What the exercise asks ▸ Using the records below, transcribe exactly only the lines from the one with "Ya en Madrid, hospedados" through the end, both included, and drop every picture.

(Records from a dataset)
* * *
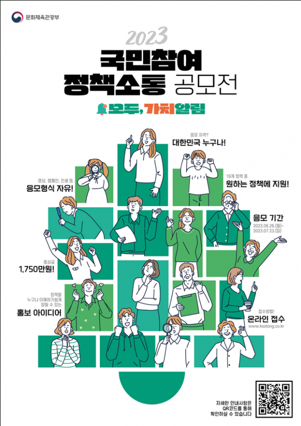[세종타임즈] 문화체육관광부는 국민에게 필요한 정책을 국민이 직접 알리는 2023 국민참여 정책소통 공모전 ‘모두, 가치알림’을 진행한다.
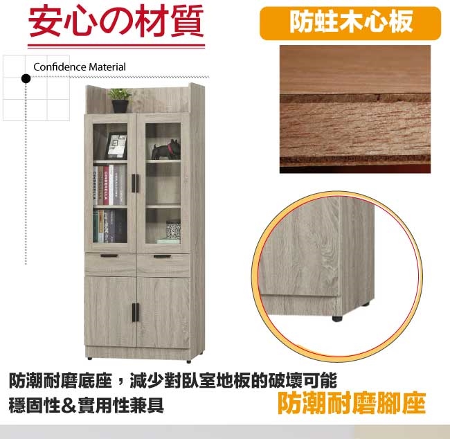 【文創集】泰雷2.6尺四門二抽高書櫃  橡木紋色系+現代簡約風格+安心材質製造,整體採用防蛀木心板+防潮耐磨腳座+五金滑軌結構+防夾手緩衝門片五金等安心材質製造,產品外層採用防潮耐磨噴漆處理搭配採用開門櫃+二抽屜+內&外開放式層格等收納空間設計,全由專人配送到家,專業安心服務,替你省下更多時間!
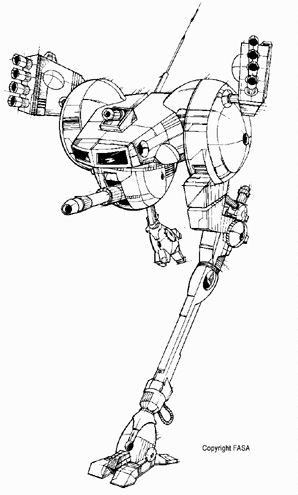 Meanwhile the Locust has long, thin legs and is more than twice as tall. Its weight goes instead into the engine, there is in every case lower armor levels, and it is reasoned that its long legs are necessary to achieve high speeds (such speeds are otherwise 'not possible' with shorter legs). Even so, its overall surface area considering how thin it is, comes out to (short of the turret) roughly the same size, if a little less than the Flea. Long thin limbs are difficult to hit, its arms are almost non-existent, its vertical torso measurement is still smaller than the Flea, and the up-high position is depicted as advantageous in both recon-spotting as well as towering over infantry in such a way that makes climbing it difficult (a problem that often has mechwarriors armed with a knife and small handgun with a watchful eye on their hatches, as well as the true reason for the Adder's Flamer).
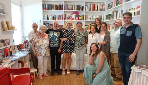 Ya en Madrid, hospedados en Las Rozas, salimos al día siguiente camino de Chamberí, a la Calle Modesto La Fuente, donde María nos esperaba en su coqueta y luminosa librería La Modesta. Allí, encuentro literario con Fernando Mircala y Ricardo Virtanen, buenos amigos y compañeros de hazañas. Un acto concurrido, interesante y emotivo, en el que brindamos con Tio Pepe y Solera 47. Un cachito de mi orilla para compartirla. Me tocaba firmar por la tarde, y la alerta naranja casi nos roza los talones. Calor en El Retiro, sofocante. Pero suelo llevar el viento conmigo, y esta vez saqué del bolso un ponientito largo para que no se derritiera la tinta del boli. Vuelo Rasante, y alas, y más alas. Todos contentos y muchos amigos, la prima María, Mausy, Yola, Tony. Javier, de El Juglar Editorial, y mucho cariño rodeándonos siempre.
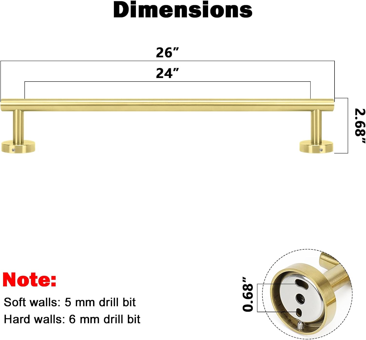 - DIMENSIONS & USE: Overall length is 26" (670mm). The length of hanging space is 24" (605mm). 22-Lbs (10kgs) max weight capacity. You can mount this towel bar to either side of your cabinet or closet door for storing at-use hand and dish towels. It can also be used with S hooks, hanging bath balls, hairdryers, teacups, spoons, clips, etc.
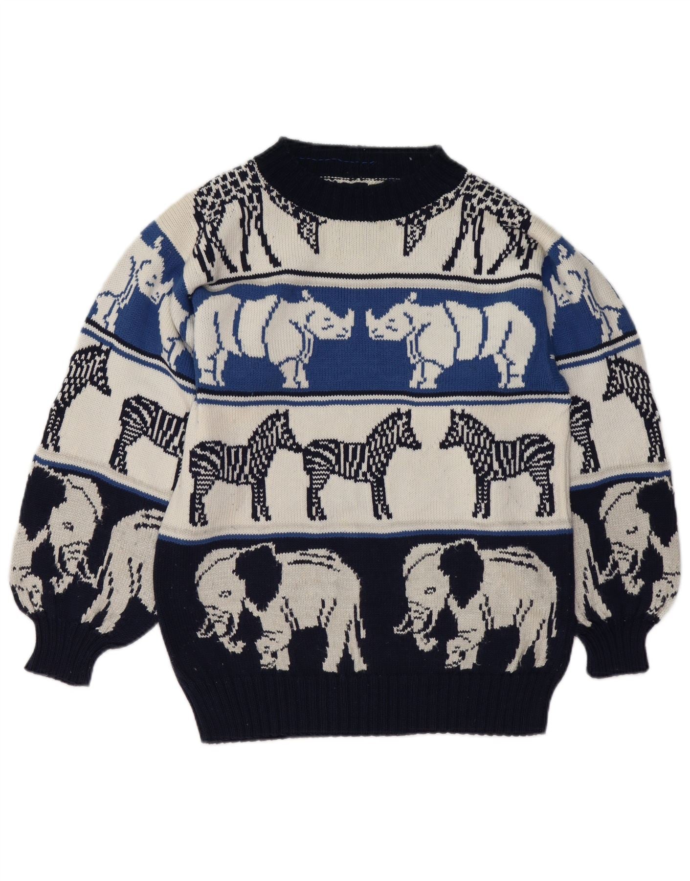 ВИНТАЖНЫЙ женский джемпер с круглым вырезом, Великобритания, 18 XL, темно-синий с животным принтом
* * *
Written response ▸
 Ya en Madrid, hospedados en Las Rozas, salimos al día siguiente camino de Chamberí, a la Calle Modesto La Fuente, donde María nos esperaba en su coqueta y luminosa librería La Modesta. Allí, encuentro literario con Fernando Mircala y Ricardo Virtanen, buenos amigos y compañeros de hazañas. Un acto concurrido, interesante y emotivo, en el que brindamos con Tio Pepe y Solera 47. Un cachito de mi orilla para compartirla. Me tocaba firmar por la tarde, y la alerta naranja casi nos roza los talones. Calor en El Retiro, sofocante. Pero suelo llevar el viento conmigo, y esta vez saqué del bolso un ponientito largo para que no se derritiera la tinta del boli. Vuelo Rasante, y alas, y más alas. Todos contentos y muchos amigos, la prima María, Mausy, Yola, Tony. Javier, de El Juglar Editorial, y mucho cariño rodeándonos siempre.
 - DIMENSIONS & USE: Overall length is 26" (670mm). The length of hanging space is 24" (605mm). 22-Lbs (10kgs) max weight capacity. You can mount this towel bar to either side of your cabinet or closet door for storing at-use hand and dish towels. It can also be used with S hooks, hanging bath balls, hairdryers, teacups, spoons, clips, etc.
 ВИНТАЖНЫЙ женский джемпер с круглым вырезом, Великобритания, 18 XL, темно-синий с животным принтом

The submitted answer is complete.